Data for processing:

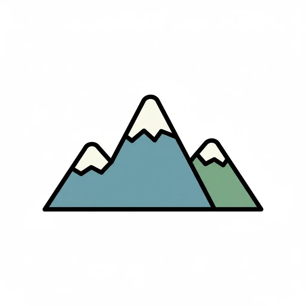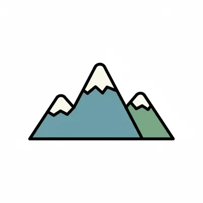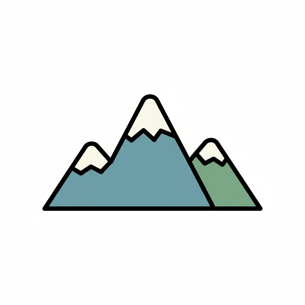 Stilisierte Illustration von drei Bergen mit schneebedeckten Gipfeln in Blau und Grün.
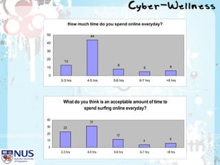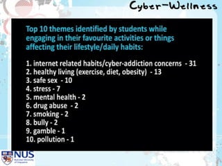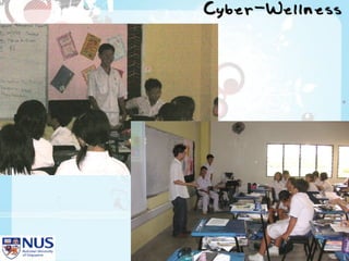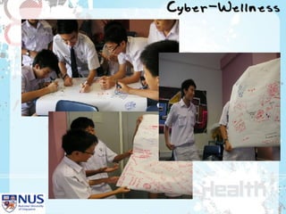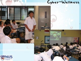 Project Cyber Wellness at Nan Hua High School aimed to raise awareness of internet addiction among students. It identified excessive internet use as a key issue through surveys and focus groups. An information and communications club worked with students to show an educational video and hold class discussions. A post-evaluation found increased awareness of internet addiction and intentions to reduce online time and prioritize schoolwork and family. Future plans included expanding the program school-wide and developing additional educational activities.
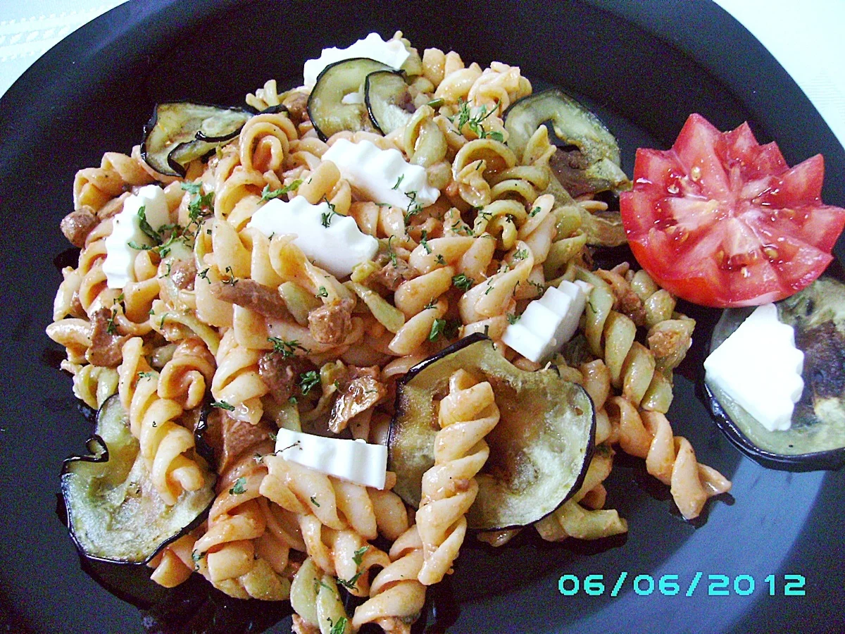 Multicolored Pasta with Eggplant and Mushrooms – A Tasty and Light Salad
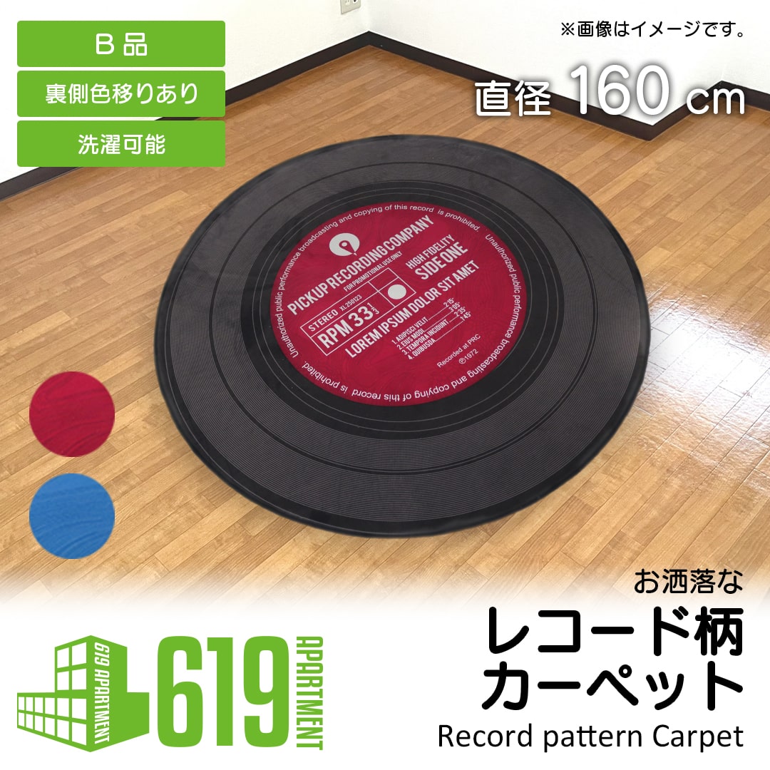 【B品・直径160cm】 カーペット ラグ レコード レトロ かっこいい おしゃれ 円形ラグ マイクロファイバー レコード柄カーペット 洗える 清潔
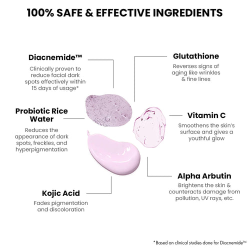 ThriveCo's proprietary ingredient Diacnemide™ is clinically proven to reduce facial dark spots & acne effectively within 15 days of usage.
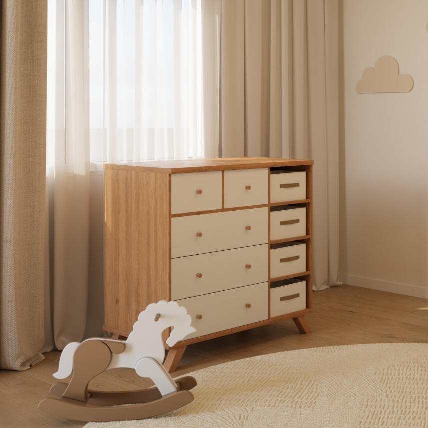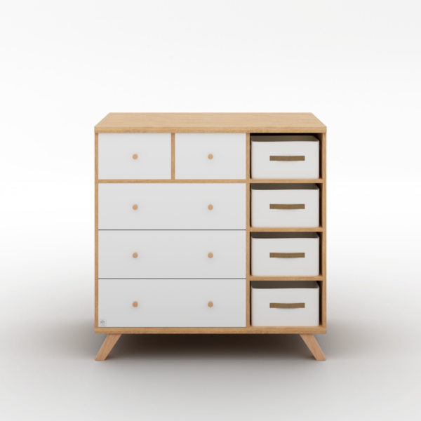 שידה סלי משלבת עץ טבעי וגימור לבן, וכוללת שילוב ייחודי של מגירות קלאסיות לצד תאי אחסון עם סלסלות בד.
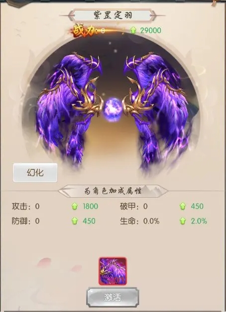 3、翅膀也可用过使用不同级别的羽翼精华获得更多的属性加成;
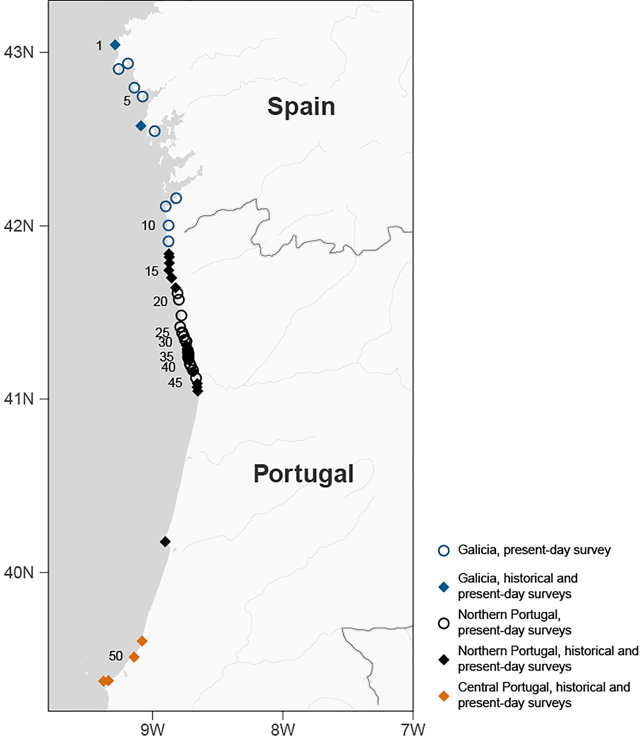 Map of the surveyed sites. Locations are numbered in multiples of 5, from the northernmost (1) to the southernmost site (52). For more details on the sites see Supplementary Table 2. Blue symbols correspond to sites in Galicia, black symbols to sites in northern Portugal and orange symbols to sites in central Portugal. Open circles indicate locations only visited in 2020-2021 while closed diamonds indicate locations visited both in 2001-2005 and 2020-2021.

Task requirements: Would you write out the data exactly, with no pictures in the copy?

Task response:
 Stilisierte Illustration von drei Bergen mit schneebedeckten Gipfeln in Blau und Grün.
 Project Cyber Wellness at Nan Hua High School aimed to raise awareness of internet addiction among students. It identified excessive internet use as a key issue through surveys and focus groups. An information and communications club worked with students to show an educational video and hold class discussions. A post-evaluation found increased awareness of internet addiction and intentions to reduce online time and prioritize schoolwork and family. Future plans included expanding the program school-wide and developing additional educational activities.
 Multicolored Pasta with Eggplant and Mushrooms – A Tasty and Light Salad
 【B品・直径160cm】 カーペット ラグ レコード レトロ かっこいい おしゃれ 円形ラグ マイクロファイバー レコード柄カーペット 洗える 清潔
 ThriveCo's proprietary ingredient Diacnemide™ is clinically proven to reduce facial dark spots & acne effectively within 15 days of usage.
 שידה סלי משלבת עץ טבעי וגימור לבן, וכוללת שילוב ייחודי של מגירות קלאסיות לצד תאי אחסון עם סלסלות בד.
 3、翅膀也可用过使用不同级别的羽翼精华获得更多的属性加成;
 Map of the surveyed sites. Locations are numbered in multiples of 5, from the northernmost (1) to the southernmost site (52). For more details on the sites see Supplementary Table 2. Blue symbols correspond to sites in Galicia, black symbols to sites in northern Portugal and orange symbols to sites in central Portugal. Open circles indicate locations only visited in 2020-2021 while closed diamonds indicate locations visited both in 2001-2005 and 2020-2021.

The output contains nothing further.